## WHAT YOU SHOULD DO
Your answer must restate the listing below word for word and contain no images.

## INFORMATION SHOWN
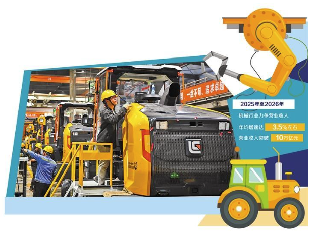 《方案》提出,2025年至2026年,機械行業(yè)運行保持平穩(wěn)向好態(tài)勢,重點產業(yè)鏈供應鏈韌性和安全水平持續(xù)提升,發(fā)展質量效益邁上新臺階,力爭營業(yè)收入年均增速達到3.5%左右,營業(yè)收入突破10萬億元。中國機械工業(yè)聯(lián)合會相關負責人表示,《方案》的目標設定,體現(xiàn)了規(guī)模與質量并重的系統(tǒng)性思維,強調供給和需求兩側協(xié)同發(fā)力。
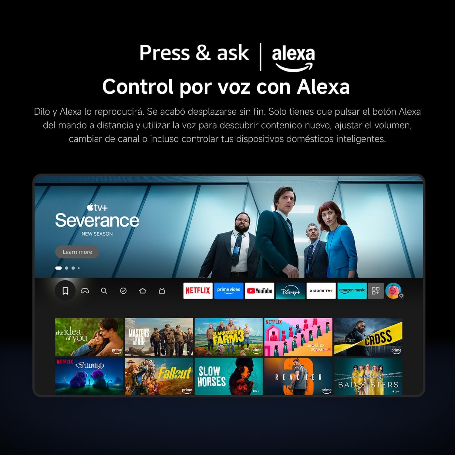 1 Fire OS 2 Control por voz con Alexa 3 Xiaomi TV+ Streaming
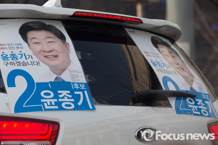 (인천=포커스뉴스) 5일 오후 인천 연수구 송도동 인근에서 윤종기 더불어민주당 연수을 후보 선거차량에 야권단일후보 명칭이 가려져 있다.
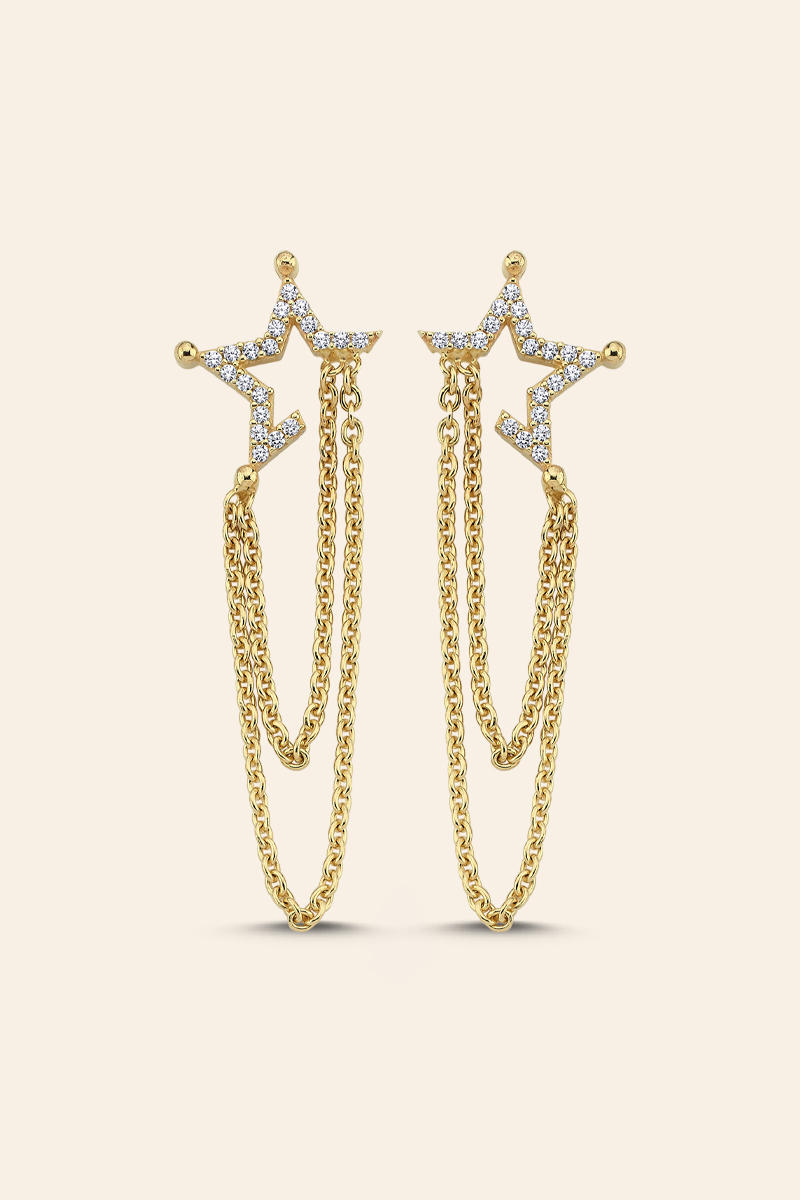 14 Ayar Sarı Altın Taşlı Zincir Küpe

## TASK RESPONSE
 《方案》提出,2025年至2026年,機械行業(yè)運行保持平穩(wěn)向好態(tài)勢,重點產業(yè)鏈供應鏈韌性和安全水平持續(xù)提升,發(fā)展質量效益邁上新臺階,力爭營業(yè)收入年均增速達到3.5%左右,營業(yè)收入突破10萬億元。中國機械工業(yè)聯(lián)合會相關負責人表示,《方案》的目標設定,體現(xiàn)了規(guī)模與質量并重的系統(tǒng)性思維,強調供給和需求兩側協(xié)同發(fā)力。
 1 Fire OS 2 Control por voz con Alexa 3 Xiaomi TV+ Streaming
 (인천=포커스뉴스) 5일 오후 인천 연수구 송도동 인근에서 윤종기 더불어민주당 연수을 후보 선거차량에 야권단일후보 명칭이 가려져 있다.
 14 Ayar Sarı Altın Taşlı Zincir Küpe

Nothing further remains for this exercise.